バリキャリ課長の年上彼女は、一途な彼に翻弄される
私、緑川奈織(みどりかわ なお)は、「青羽(あおば)設計」の人事課長。
大変ではあるけど、女性活躍の時代もあり、社長や部長の支えもあって、2年前に課長へ昇進した。
今では、社内の人達にも認めてもらえるようになって、凄くやりがいのある日々を過ごしている。

「緑川さん、人材紹介会社の担当さんと一緒に課長さんも来ていて、上長に挨拶したいって言ってますけど、どうしますか?」
「わかったわ。直ぐ行くから」

直属の部下、景山正輝(かげやま まさき) くんは27歳。
私が一から仕事を教えたので、弟のような存在だ。
とても真面目で、最近、従業員からも頼られる存在になってきた。
私自身も信頼している。
淡々とした口調ではあるけど、思いやりがある。
ただ、私には毒舌の景山くんだった。

名刺を持って、景山くんの後に続いてブースまで挨拶に向かった。
「初めまして。
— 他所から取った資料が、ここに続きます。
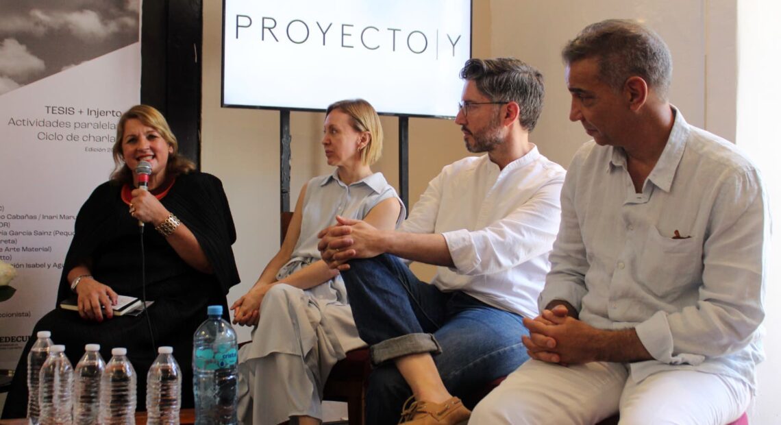 En las charlas de esta mañana de Tesis+Injerto en la Casa la Cultura del Mayab estuvieron presentes artistas y especialistas en curaduría, museografía y coleccionismo como Minerva Cuevas, Pedro Reyes, Abraham Cruzvillegas, Fritzia Irizar, Marco A. Castillo, Laura Orozco, de ESPAC; Eugenia Braniff, de FEMSA; Ekaterina Álvarez, del MUAC; Lorena Peña Brito, de Museo Cabañas/Inari Maru; Pamela Echeverría, de LABOR; Mauricio Galguera y María García Sainz, de PequodCo; Mario Torre, de Galería Secreta, Brett W. Schultz, de Feria de Arte Material; Raúl Zorrilla, de Kurimanzutto; Magnolia de la Garza, de Colección Isabel y Agustín Coppel, y Boris Hirmas, coleccionista.
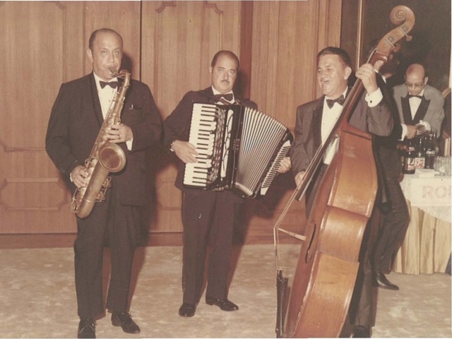 This story is actually about my parents, Josie and Lou Adler. My mom and dad really made an impact in Miami musically. In the pictures, you will see a photo of my dad at the Deauville Hotel on Miami Beach where he was the head of the Lou Adler Orchestra. He also played the bass fiddle at the Delano, Saxony, and the Americana, to name a few. Those were great days.
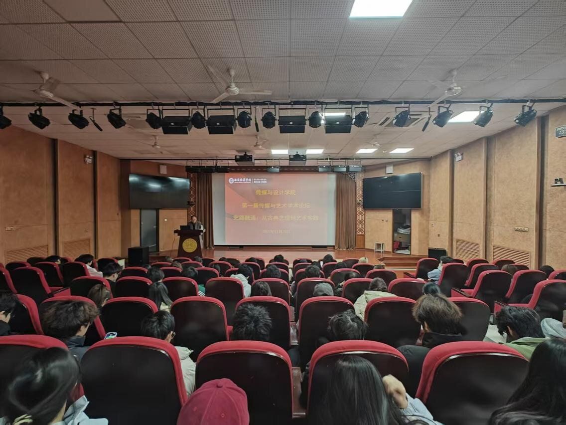 2025年11月26日下午,由西安培华学院传媒与设计学院主办的首届“传媒与艺术学术论坛——艺路融通:从古典艺理到艺术实践”在国学大讲堂成功举行。本次论坛汇聚了戏剧影视文学、艺术设计学等多学科领域的专家学者,旨在搭建一个跨越理论与实践的对话平台,共同探索古典艺术精髓在当代艺术创作与传媒实践中的传承与创新路径。论坛吸引了戏剧影视文学、视觉传达设计、广播电视编导等专业共计150余名师生参与,论坛由影视戏剧系系副主任聂婷老师主持。
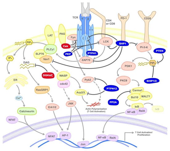 - Mustelin, T.; Tasken, K. Positive and negative regulation of T-cell activation through kinases and phosphatases. Biochem. J. 2003, 371, 15–27. [Google Scholar] [CrossRef]
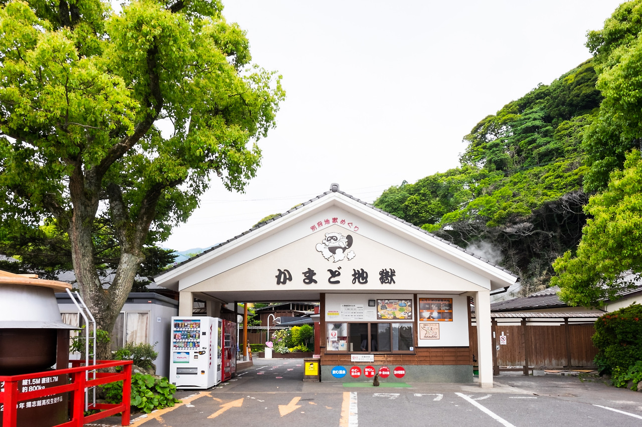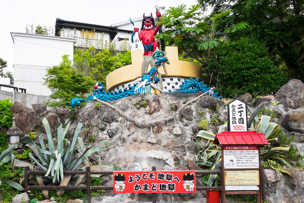 우리말로 ‘가마솥 지옥’ 또는 ‘부뚜막 지옥’으로 불리는 카마도 지옥. 과거 카마도 하치만구(竃門八幡宮)의 축제와 제사 때 이곳에서 솟아나는 뜨거운 증기로 밥을 지었다고 해서 이러한 이름이 붙었다. 입구에는 그 유래를 상징하듯 커다란 가마솥이 놓여 있다. 입구를 지나 안으로 들어서면 검은 도깨비 방망이를 들고 서있는 붉은 도깨비 동상이 보인다. 마치 지옥문을 지키고 있는 것 같아 오싹하다.

人事課長の緑川です。宜しくお願いします」

今の募集案件を伝えた後、景山くんと玄関で2人を見送った。
「ねぇ、あの課長、私の話聞いてたのかな?何かぼーっとした人よね」
「いつもの事ですけどね」
景山くんは笑いながら
「相手の課長さんが気の毒ですよ。無駄に緑川さんが綺麗すぎて、大体の人が見惚れていますからね。見た目は抜群にいいですから。でも僕の仕事が増えてますよ、その分」
「ねぇ、褒めてるようで、悪意あるよね、その言い方」
「まぁ僕がちゃんと営業職募集の件は説明しておきましたので、大丈夫でしょ」

ほんとに上司を何だと思ってるんだか・・・
でも、何故か憎めなく、こんなやり取りも2人の信頼感があるからこそだと、最近、頼り甲斐が出てきた景山くんの背中を見て、自然と笑みがでた。